Aim of the exercise: The records must be duplicated exactly, with every picture left out.

--------------------------------

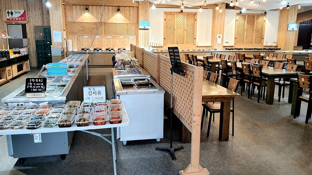 store section (left side) at the entrance, buffet in the back
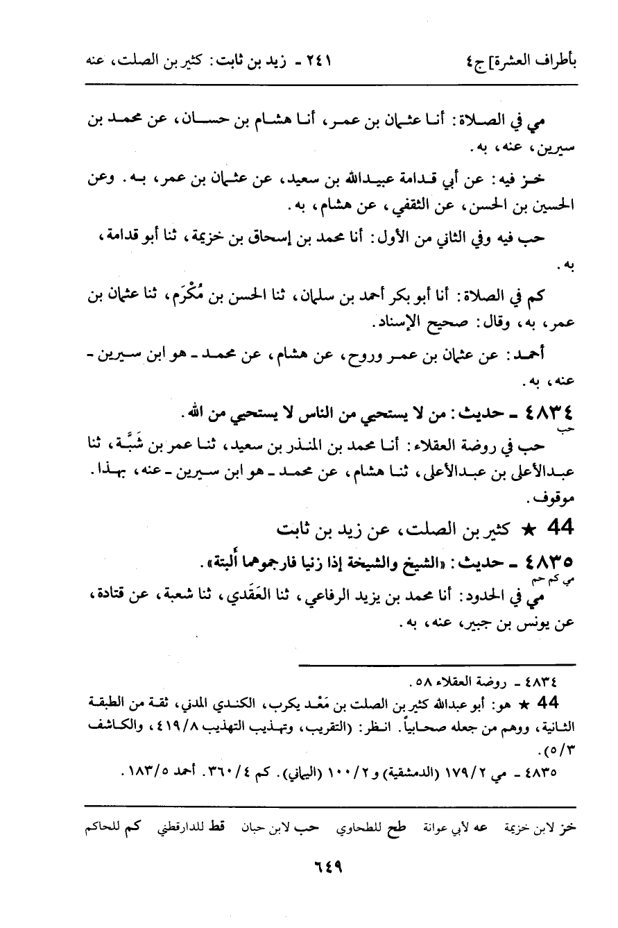 4835 - حَدِيثٌ (مي كم حم) : كَثِيرُ بْنُ الصَّلْتِ، عَنْ زَيْدِ بْنِ ثَابِتٍ، " الشَّيْخُ وَالشَّيْخَةُ إِذَا زَنَيَا فَارْجُمُوهُمَا أَلْبَتَةَ " الْحَدِيثَ.
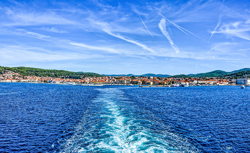 コルチュラ島へはボートで対岸の街から渡ります。ボートから見るオレンジの瓦屋根のコルチュラの町並みと、コバルトブルーに煌く美しいアドリア海は絶景です。
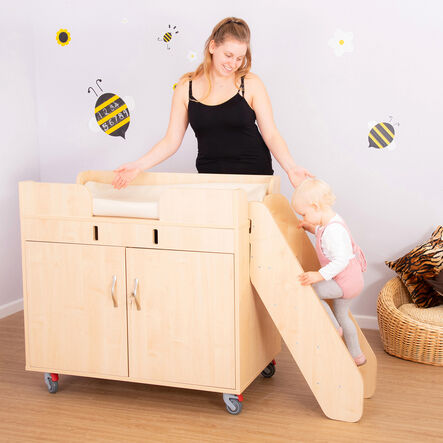 • Designed for toddlers' independent use, this changing unit comes with removable steps for easy access, reducing the need for staff to lift children. Configurable to various nursery spaces, the steps can be attached from different sides, adapting to specific room layouts.
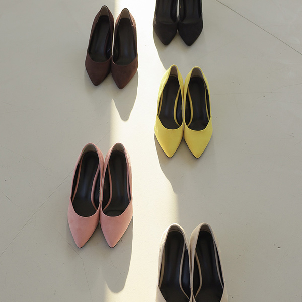 哑光 翻毛皮 女式浅口便鞋 细高跟 高跟鞋

--------------------------------

Exercise answer:
 store section (left side) at the entrance, buffet in the back
 4835 - حَدِيثٌ (مي كم حم) : كَثِيرُ بْنُ الصَّلْتِ، عَنْ زَيْدِ بْنِ ثَابِتٍ، " الشَّيْخُ وَالشَّيْخَةُ إِذَا زَنَيَا فَارْجُمُوهُمَا أَلْبَتَةَ " الْحَدِيثَ.
 コルチュラ島へはボートで対岸の街から渡ります。ボートから見るオレンジの瓦屋根のコルチュラの町並みと、コバルトブルーに煌く美しいアドリア海は絶景です。
 • Designed for toddlers' independent use, this changing unit comes with removable steps for easy access, reducing the need for staff to lift children. Configurable to various nursery spaces, the steps can be attached from different sides, adapting to specific room layouts.
 哑光 翻毛皮 女式浅口便鞋 细高跟 高跟鞋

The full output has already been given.